Pourquoi la superficie loi Carrez est essentielle lors d’une vente en copropriété
Quand il s’agit de céder un bien immobilier en copropriété, indiquer la surface privative selon la loi Carrez dans l’acte de vente n’est pas une option, mais une véritable obligation. Ce renseignement offre aux parties la garantie de traiter sur une base transparente et protège aussi bien le vendeur que l’acquéreur contre d’éventuels désaccords futurs.
La surface loi Carrez : une définition rigoureuse
La mesure loi Carrez délimite la surface habitable d’un logement en distinguant précisément ce qui peut ou non être comptabilisé. Elle retient la superficie des pièces fermées et couvertes, tout en excluant :
- Les surfaces de murs, cloisons, cages d’escalier, gaines techniques, ainsi que les encadrements de portes et de fenêtres.
- Tout espace dont la hauteur sous plafond est inférieure à 1,80 mètre.
- Les parties privatives mesurant moins de 8 mètres carrés.
Ces critères, définis par les textes réglementaires, imposent une grande précision afin d’éviter toute approximation dans le calcul.

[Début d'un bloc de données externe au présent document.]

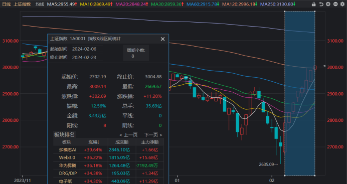 财联社2月23日讯(编辑 梓隆),今日(2月23日),市场整体继续“高歌”前进,不仅再度掀起“百股涨停”,沪指也成功收涨,并实现罕见的8日连阳,期间累计上涨近11.2%。目前,沪指已重返3000点关口,同时也尽数收复今年以来全部跌幅。
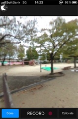さっそくGoPanoアプリを起動すると、プレビュー画面の時点でパノラマ表示が開始され、指でフリックするとクルクルと回転したプレビューを見る事が出来ます。
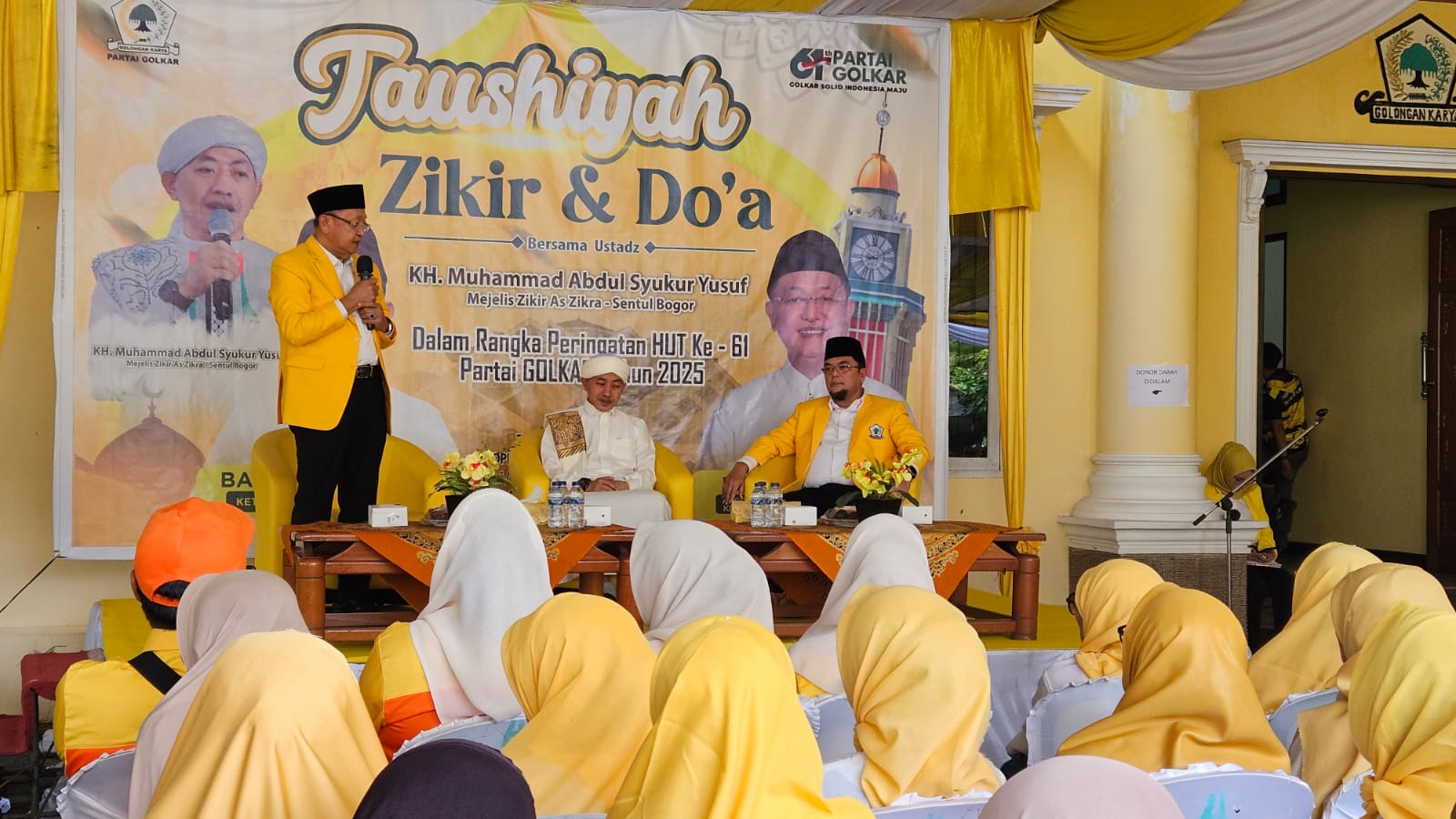 ​”Usia 61 tahun perjalanan Golkar sangat luar biasa. Angka ini melambangkan kematangan. Artinya, Golkar harus matang dalam bersikap, matang berpolitik, dan matang berkiprah atau berkarya untuk melaksanakan tugas, berkarya untuk negeri,” jelas Ustadz Syukur.

Une mention obligatoire pour valider la transaction
La loi encadre étroitement la vente des biens en copropriété, en imposant que la surface privative soit clairement indiquée dès le compromis de vente. Le notaire est chargé de remettre cet élément officiel à chaque partie au moment de la signature définitive, garantissant ainsi la conformité du dossier à la réglementation en vigueur.
Même si la législation ne rend pas obligatoire l’intervention d’un professionnel pour ce métrage, la complexité de la définition légale rend préférable le recours à un spécialiste. Une mesure erronée peut exposer le vendeur à des complications majeures après signature.
Les conséquences d’une erreur de mesurage
Une absence totale de mention de la superficie dans l’acte peut ouvrir la porte à l’annulation de la vente sur demande de l’acheteur dans le mois suivant la transaction.
Si la surface annoncée ne correspond pas à la réalité, différents scénarios peuvent se présenter :
- En cas de surface réelle supérieure, aucune compensation financière n’est due par l’acheteur.
- Si la surface est inférieure de plus de 5 % à celle indiquée, l’acheteur est en droit de réclamer une baisse de prix équivalente à cet écart, à condition de le faire dans l’année suivant la signature.
La vigilance lors de la mesure constitue donc un enjeu majeur pour tous les vendeurs.
L’expertise, une garantie pour sécuriser votre vente
Solliciter un expert en mesurage loi Carrez, c’est s’assurer d’une procédure rigoureuse, conforme à la réglementation, et d’un document authentique sur lequel s’appuyer en cas de contestation. Maîtriser chaque étape de la transaction évite tout désagrément, autant pour ceux qui vendent que pour ceux qui achètent une copropriété.